Note: This is the title story from Kissing Frogs, and Other Quirky Fairy Tales, presented by Hawaii Fiction Writers, edited by Gail Baugniet, Carol Catanzariti, and Michael Little. The collection was published in paperback in January 2021 and is available on Amazon. Net proceeds will be going to the Friends of the Library at our host libraries, Aina Haina Library and Kapolei Library. A list of the stories in the collection are posted at the end of this tale. Enjoy!
by Michael Little
THERE WAS ONCE a beautiful young princess named Gwyneth. She lived in a large castle in a tiny kingdom, with an excellent view of the enchanted forest, and she had everything a princess could desire, except for one thing. The large book of fairy tales in the castle's royal library promised that for every beautiful young princess there is a handsome young prince. Gwyneth would have settled for an above-average looking young prince, but even those can be hard to find, as we shall soon see.
But Gwyneth already had so many wonderful things. The king, her father, had never fallen in love, but he liked kids, so he had adopted Gwyneth as a baby. So there was no evil queen in the castle to talk to her mirror and be told that the girl was the fairest and then threaten her life. When the princess reached that age where girls begin to take an interest in boys, Daddy kept the boys away. Gwyneth did have a large closet full of beautiful gowns and shoes. She had an elegant little Italian greyhound named Sofia. She also had a personal servant and best friend named Daphne. Daphne had actually kissed a few boys and told Gwyneth how delightful the experience could be. Of course, Daphne was not looking for a handsome young prince, and she did not have an overly protective father to keep the boys away.
It was Daphne who suggested that Gwyneth should go to the enchanted forest one day and then lie down with her eyes closed and wait, like Sleeping Beauty in their favorite fairy tale, for a handsome young prince to kiss her awake. Gwyneth was there all day, waiting, sometimes with one eye half open to look out for a prince, so she could whistle in case he wasn't finding her. As Daphne had told her, more than once, boys need help. Gwyneth listened for the footsteps that never arrived that day. All she heard was the endless mumbling of the frogs.
The witch who lived in the enchanted forest had a wicked sense of humor. As was well known throughout the kingdom, the witch had done her dark magic to give all the frogs in the forest the power of speech. They spoke with a heavy accent, but boy could they talk. Once they left the forest, however, they were reduced to the usual croaking. It was rumored, by some folks, that the witch had also cast a spell on a handsome young prince and turned him into a frog. There was no hard evidence to support this rumor, however, and most people just laughed at the notion.

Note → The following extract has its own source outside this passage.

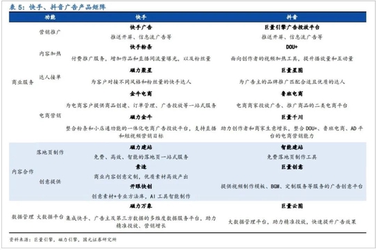 当然,商业化更早的抖音,也是类似的完善轨迹。可以看到,截止目前,抖快已经形成商业服务、内容合作和数据管理一整套产品矩阵。
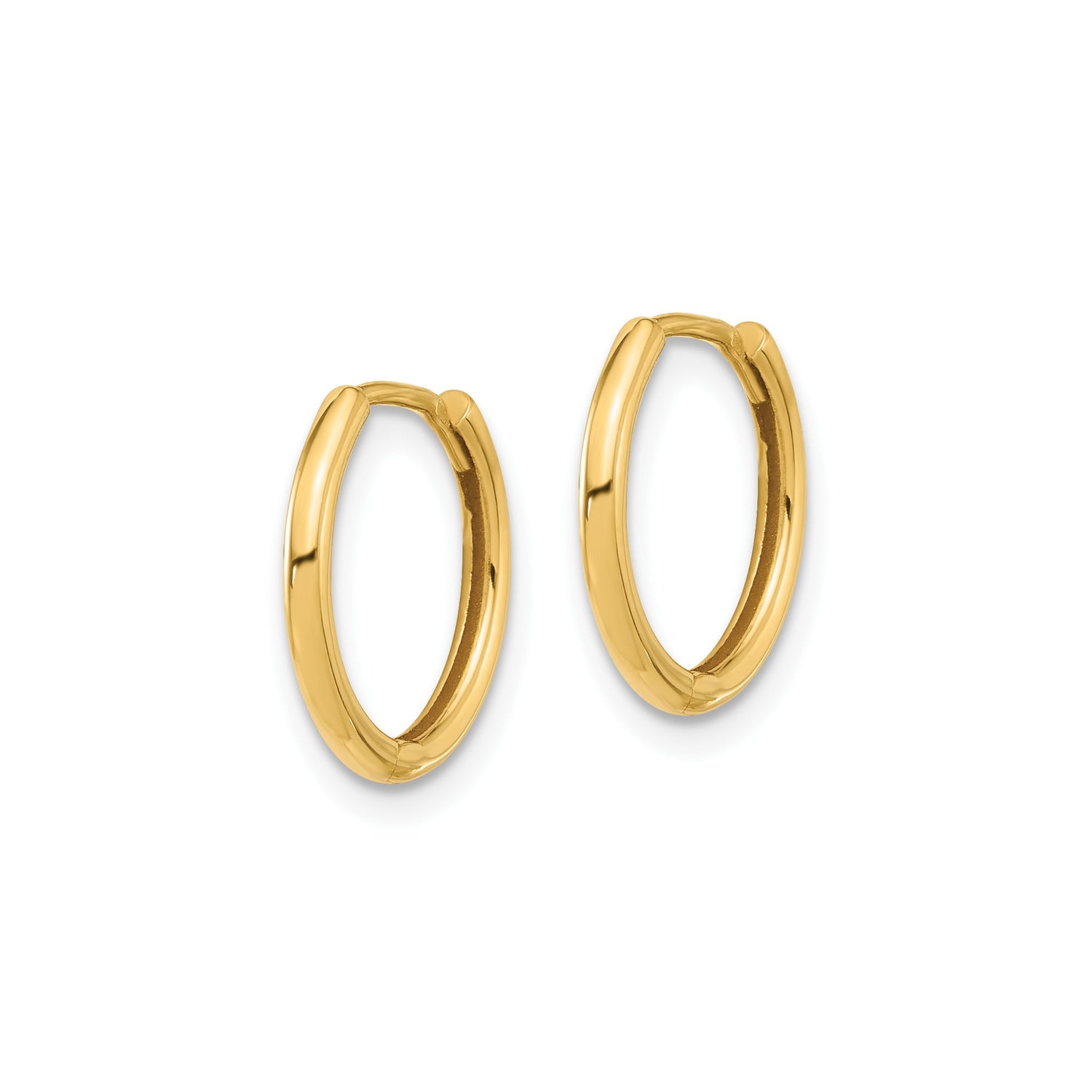 Meticulously crafted to meet the standards of refined gold jewelry, each pair showcases the brilliance of yellow gold while maintaining a comfortable, low profile for day-to-night wear. The hinged hoops provide secure closure, while the rounded shape and sleek profile highlight their status as versatile gold hoop earrings for any occasion. Whether you're pairing them with other gold jewelry or wearing them solo, these earrings exemplify modern simplicity.

Anyway, as the shadows lengthened in the enchanted forest, and no prince had appeared, the poor princess shed a few tears and made her way back to the castle.
The next morning Daphne suggested that they consult with Melvin, the old retired wizard who dwelled in a room near the top of the castle. Melvin, who was 99 years old, had been a fairly useful wizard in his day, but now he was largely ignored. He was living out his days in his tiny room, left with his memories and lots of time to sleep. On a typical day, one servant had said, Melvin could sleep 18 to 20 hours. So it was that when Gwyneth and Daphne climbed the stairs and knocked on the old wizard's door, they could only hear snoring inside. So they let themselves in.
“Let's wake him,” whispered Daphne, and she shook the wizard gently, then less gently, until he muttered and opened his eyes. “Oh great and powerful wizard,” she said (for she knew the power of flattery), “what must the princess do to find her handsome young prince? You must help us. You're our only hope.” Daphne then fluttered her eyelashes at Melvin (for she knew the power of flirtation).
The old wizard spoke in a thin, dusty voice, and the two young women leaned closer to hear every word. “The princess must kiss a lot of ….” The last word was difficult to hear, as Melvin trailed off and fell asleep again.
“Kiss a lot of what?!” Gwyneth said.
“I think he said 'kiss a lot of frogs,'” Daphne said.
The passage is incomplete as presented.